Jasper Tsang Yok-sing's comments came as more than 30 Beijing-loyalist lawmakers put forward a motion demanding tighter security and an investigation of whether the protesters, who were fighting plans for new towns in the New Territories, should be held criminally liable.
The Legco Commission is due to discuss the handling of the protests today. It will examine security camera footage to determine whether there is enough evidence for legal action.
Tsang, who chairs the commission, reiterated yesterday that protesting within the Legco building in Tamar, Admiralty, was not acceptable. But he said only those who attempted to disrupt proceedings of the Finance Committee, which was discussing a funding request for preliminary work on the new town plans, should be banned.

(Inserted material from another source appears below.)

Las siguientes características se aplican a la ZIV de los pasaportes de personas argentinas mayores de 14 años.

"Some of the protesters were elderly people," Tsang said. "We did not ask them not to do anything and they were not uncooperative. So it is not fair that all those who entered the premises to protest should be banned.
"The Legco complex … is not a fortress. It is not designed to keep people out. It is designed to welcome people in," Tsang said.

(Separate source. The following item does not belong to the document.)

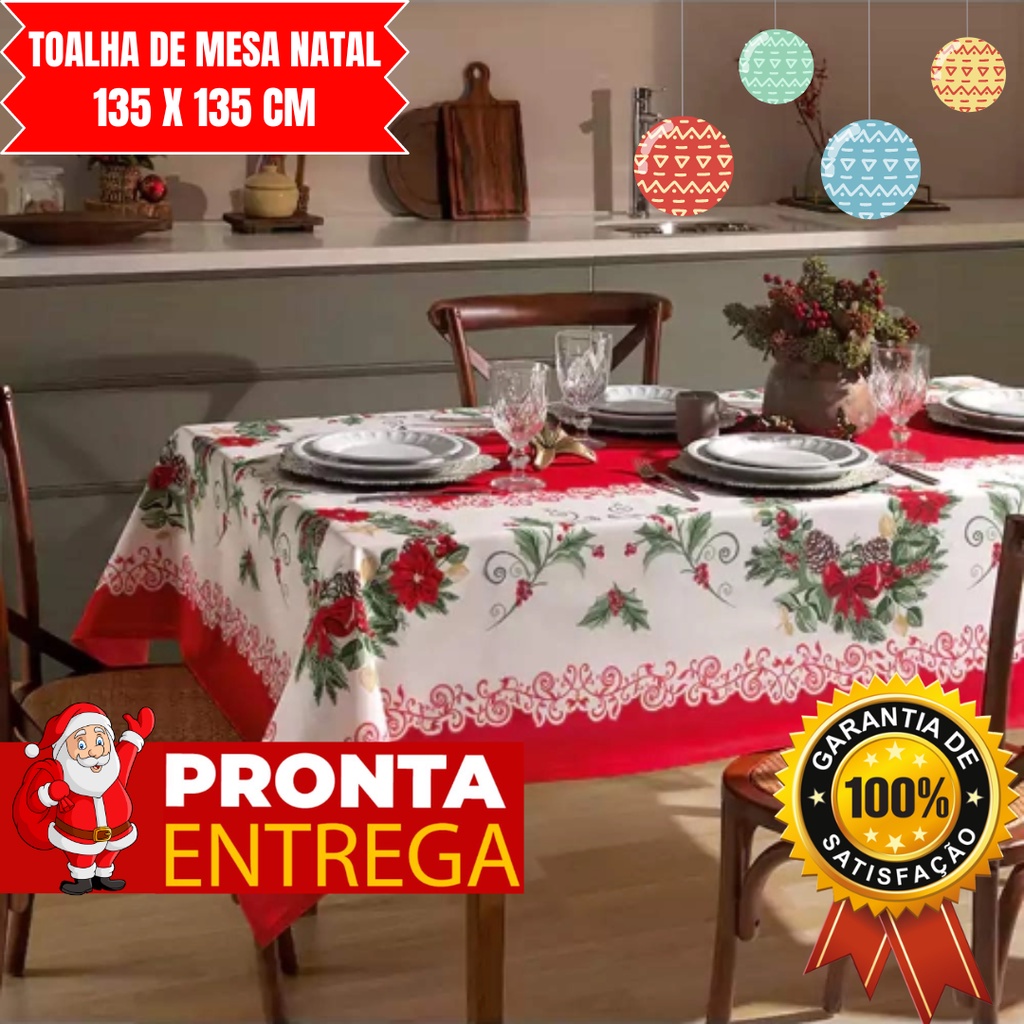 Toalha De Mesa Natal Decoração Para Mesa 4 Lugares Natalina Com Glitter Estampada 100% 135 cm x 135 cm Algodão E Poliéster

"We are willing to allow people in … with the highest degree of tolerance as long as we can ensure that members can carry on proceedings in an efficient way.
"But in cases where some people entering the premises obviously aim to stir up trouble and disrupt order, we may have to consider further measures," Tsang added.
The protesters on Friday included elderly people and others who will lose their homes if the government presses ahead with its HK$120 billion plan for new towns in Kwu Tung and Fanling North.
They were joined by members of campaign group Civic Passion, who were criticised by some villagers for turning a peaceful sit-in ugly by pushing their way into the building.
Scuffles broke out and at least five security guards were injured. Police had to be called in to maintain order. No one was arrested and protesters eventually left, but some allegedly threatened to return and storm the building again unless the government scrapped the new town plans.
Commission member and Civic Party lawmaker Ronny Tong Ka-wah said pan-democrats agreed protests should not be allowed inside the building but said banning the protesters would be going too far.
Meanwhile, Tsang told a Public Administration Association lunch of the importance of a democratic election for chief executive in 2017.
And Tsang, who briefly flirted with a run for chief executive in 2012 and has occasionally been tipped as a possible 2017 hopeful, was asked about the performance of incumbent Leung Chun-ying.
"Mr Leung once said that first-class talent would enter the business world; only third-class people would want to enter politics. I am glad that Mr Leung has proved himself wrong," Tsang quipped.